##### PROVIDED MATERIAL #####
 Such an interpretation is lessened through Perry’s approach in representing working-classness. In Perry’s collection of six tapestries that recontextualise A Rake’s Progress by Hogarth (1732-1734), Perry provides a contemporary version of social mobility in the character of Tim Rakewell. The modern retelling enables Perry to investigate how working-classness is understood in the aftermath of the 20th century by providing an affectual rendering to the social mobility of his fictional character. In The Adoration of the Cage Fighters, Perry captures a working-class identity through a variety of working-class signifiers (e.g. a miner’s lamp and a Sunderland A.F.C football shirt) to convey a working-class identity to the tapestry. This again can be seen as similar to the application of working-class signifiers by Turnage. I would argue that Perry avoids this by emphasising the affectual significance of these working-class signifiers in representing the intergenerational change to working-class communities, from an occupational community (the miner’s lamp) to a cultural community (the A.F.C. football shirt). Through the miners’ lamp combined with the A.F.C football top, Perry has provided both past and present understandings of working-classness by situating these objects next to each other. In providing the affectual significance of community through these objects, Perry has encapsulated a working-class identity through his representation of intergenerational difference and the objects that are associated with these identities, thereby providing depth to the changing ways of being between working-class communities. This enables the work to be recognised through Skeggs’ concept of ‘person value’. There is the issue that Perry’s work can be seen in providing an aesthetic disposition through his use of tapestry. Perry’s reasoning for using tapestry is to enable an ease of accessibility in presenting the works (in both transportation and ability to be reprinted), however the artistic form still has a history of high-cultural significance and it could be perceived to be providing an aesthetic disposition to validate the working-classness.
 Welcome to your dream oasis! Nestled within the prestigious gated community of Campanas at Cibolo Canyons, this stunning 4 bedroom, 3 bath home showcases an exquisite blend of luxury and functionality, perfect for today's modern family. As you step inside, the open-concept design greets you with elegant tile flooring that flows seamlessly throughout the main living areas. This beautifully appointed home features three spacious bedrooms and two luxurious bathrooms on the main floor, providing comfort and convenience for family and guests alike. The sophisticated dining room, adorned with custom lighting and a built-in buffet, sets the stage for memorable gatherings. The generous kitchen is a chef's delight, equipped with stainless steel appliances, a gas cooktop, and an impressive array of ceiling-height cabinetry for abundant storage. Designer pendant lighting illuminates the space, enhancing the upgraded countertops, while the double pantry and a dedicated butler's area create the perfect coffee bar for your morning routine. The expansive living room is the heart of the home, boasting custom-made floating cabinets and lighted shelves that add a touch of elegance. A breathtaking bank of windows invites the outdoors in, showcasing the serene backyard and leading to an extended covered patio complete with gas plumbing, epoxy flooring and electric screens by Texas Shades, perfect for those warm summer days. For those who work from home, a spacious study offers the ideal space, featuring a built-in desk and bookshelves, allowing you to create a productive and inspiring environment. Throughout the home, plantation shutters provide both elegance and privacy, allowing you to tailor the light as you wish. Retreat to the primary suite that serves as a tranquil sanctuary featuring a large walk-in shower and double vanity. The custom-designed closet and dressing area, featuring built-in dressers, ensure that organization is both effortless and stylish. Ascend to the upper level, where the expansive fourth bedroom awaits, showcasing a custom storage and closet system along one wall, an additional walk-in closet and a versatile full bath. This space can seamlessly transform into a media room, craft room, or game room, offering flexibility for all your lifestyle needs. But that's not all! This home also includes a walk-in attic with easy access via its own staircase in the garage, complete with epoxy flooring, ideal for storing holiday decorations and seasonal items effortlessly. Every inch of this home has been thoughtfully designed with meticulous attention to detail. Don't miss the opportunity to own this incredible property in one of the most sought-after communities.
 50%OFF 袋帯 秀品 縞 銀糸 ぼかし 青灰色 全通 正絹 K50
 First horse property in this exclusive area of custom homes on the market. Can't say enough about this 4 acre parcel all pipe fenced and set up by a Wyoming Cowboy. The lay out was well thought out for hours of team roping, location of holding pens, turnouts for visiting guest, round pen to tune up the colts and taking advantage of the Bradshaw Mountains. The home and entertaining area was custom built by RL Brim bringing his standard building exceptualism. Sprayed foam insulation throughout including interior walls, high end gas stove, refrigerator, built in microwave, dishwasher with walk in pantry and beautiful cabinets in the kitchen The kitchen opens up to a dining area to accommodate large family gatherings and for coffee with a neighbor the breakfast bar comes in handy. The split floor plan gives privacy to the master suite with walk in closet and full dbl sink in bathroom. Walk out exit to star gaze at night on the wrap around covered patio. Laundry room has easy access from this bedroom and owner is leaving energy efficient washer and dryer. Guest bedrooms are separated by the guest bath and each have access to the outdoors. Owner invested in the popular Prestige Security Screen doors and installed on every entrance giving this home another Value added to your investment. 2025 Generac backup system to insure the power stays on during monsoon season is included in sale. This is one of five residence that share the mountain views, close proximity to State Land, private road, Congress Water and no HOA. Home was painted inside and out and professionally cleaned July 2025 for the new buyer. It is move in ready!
#####
→ WORK TO BE COMPLETED: Across the whole listing, every line must be copied exactly.

→ COMPLETED EXERCISE:
 Such an interpretation is lessened through Perry’s approach in representing working-classness. In Perry’s collection of six tapestries that recontextualise A Rake’s Progress by Hogarth (1732-1734), Perry provides a contemporary version of social mobility in the character of Tim Rakewell. The modern retelling enables Perry to investigate how working-classness is understood in the aftermath of the 20th century by providing an affectual rendering to the social mobility of his fictional character. In The Adoration of the Cage Fighters, Perry captures a working-class identity through a variety of working-class signifiers (e.g. a miner’s lamp and a Sunderland A.F.C football shirt) to convey a working-class identity to the tapestry. This again can be seen as similar to the application of working-class signifiers by Turnage. I would argue that Perry avoids this by emphasising the affectual significance of these working-class signifiers in representing the intergenerational change to working-class communities, from an occupational community (the miner’s lamp) to a cultural community (the A.F.C. football shirt). Through the miners’ lamp combined with the A.F.C football top, Perry has provided both past and present understandings of working-classness by situating these objects next to each other. In providing the affectual significance of community through these objects, Perry has encapsulated a working-class identity through his representation of intergenerational difference and the objects that are associated with these identities, thereby providing depth to the changing ways of being between working-class communities. This enables the work to be recognised through Skeggs’ concept of ‘person value’. There is the issue that Perry’s work can be seen in providing an aesthetic disposition through his use of tapestry. Perry’s reasoning for using tapestry is to enable an ease of accessibility in presenting the works (in both transportation and ability to be reprinted), however the artistic form still has a history of high-cultural significance and it could be perceived to be providing an aesthetic disposition to validate the working-classness.
 Welcome to your dream oasis! Nestled within the prestigious gated community of Campanas at Cibolo Canyons, this stunning 4 bedroom, 3 bath home showcases an exquisite blend of luxury and functionality, perfect for today's modern family. As you step inside, the open-concept design greets you with elegant tile flooring that flows seamlessly throughout the main living areas. This beautifully appointed home features three spacious bedrooms and two luxurious bathrooms on the main floor, providing comfort and convenience for family and guests alike. The sophisticated dining room, adorned with custom lighting and a built-in buffet, sets the stage for memorable gatherings. The generous kitchen is a chef's delight, equipped with stainless steel appliances, a gas cooktop, and an impressive array of ceiling-height cabinetry for abundant storage. Designer pendant lighting illuminates the space, enhancing the upgraded countertops, while the double pantry and a dedicated butler's area create the perfect coffee bar for your morning routine. The expansive living room is the heart of the home, boasting custom-made floating cabinets and lighted shelves that add a touch of elegance. A breathtaking bank of windows invites the outdoors in, showcasing the serene backyard and leading to an extended covered patio complete with gas plumbing, epoxy flooring and electric screens by Texas Shades, perfect for those warm summer days. For those who work from home, a spacious study offers the ideal space, featuring a built-in desk and bookshelves, allowing you to create a productive and inspiring environment. Throughout the home, plantation shutters provide both elegance and privacy, allowing you to tailor the light as you wish. Retreat to the primary suite that serves as a tranquil sanctuary featuring a large walk-in shower and double vanity. The custom-designed closet and dressing area, featuring built-in dressers, ensure that organization is both effortless and stylish. Ascend to the upper level, where the expansive fourth bedroom awaits, showcasing a custom storage and closet system along one wall, an additional walk-in closet and a versatile full bath. This space can seamlessly transform into a media room, craft room, or game room, offering flexibility for all your lifestyle needs. But that's not all! This home also includes a walk-in attic with easy access via its own staircase in the garage, complete with epoxy flooring, ideal for storing holiday decorations and seasonal items effortlessly. Every inch of this home has been thoughtfully designed with meticulous attention to detail. Don't miss the opportunity to own this incredible property in one of the most sought-after communities.
 50%OFF 袋帯 秀品 縞 銀糸 ぼかし 青灰色 全通 正絹 K50
 First horse property in this exclusive area of custom homes on the market. Can't say enough about this 4 acre parcel all pipe fenced and set up by a Wyoming Cowboy. The lay out was well thought out for hours of team roping, location of holding pens, turnouts for visiting guest, round pen to tune up the colts and taking advantage of the Bradshaw Mountains. The home and entertaining area was custom built by RL Brim bringing his standard building exceptualism. Sprayed foam insulation throughout including interior walls, high end gas stove, refrigerator, built in microwave, dishwasher with walk in pantry and beautiful cabinets in the kitchen The kitchen opens up to a dining area to accommodate large family gatherings and for coffee with a neighbor the breakfast bar comes in handy. The split floor plan gives privacy to the master suite with walk in closet and full dbl sink in bathroom. Walk out exit to star gaze at night on the wrap around covered patio. Laundry room has easy access from this bedroom and owner is leaving energy efficient washer and dryer. Guest bedrooms are separated by the guest bath and each have access to the outdoors. Owner invested in the popular Prestige Security Screen doors and installed on every entrance giving this home another Value added to your investment. 2025 Generac backup system to insure the power stays on during monsoon season is included in sale. This is one of five residence that share the mountain views, close proximity to State Land, private road, Congress Water and no HOA. Home was painted inside and out and professionally cleaned July 2025 for the new buyer. It is move in ready!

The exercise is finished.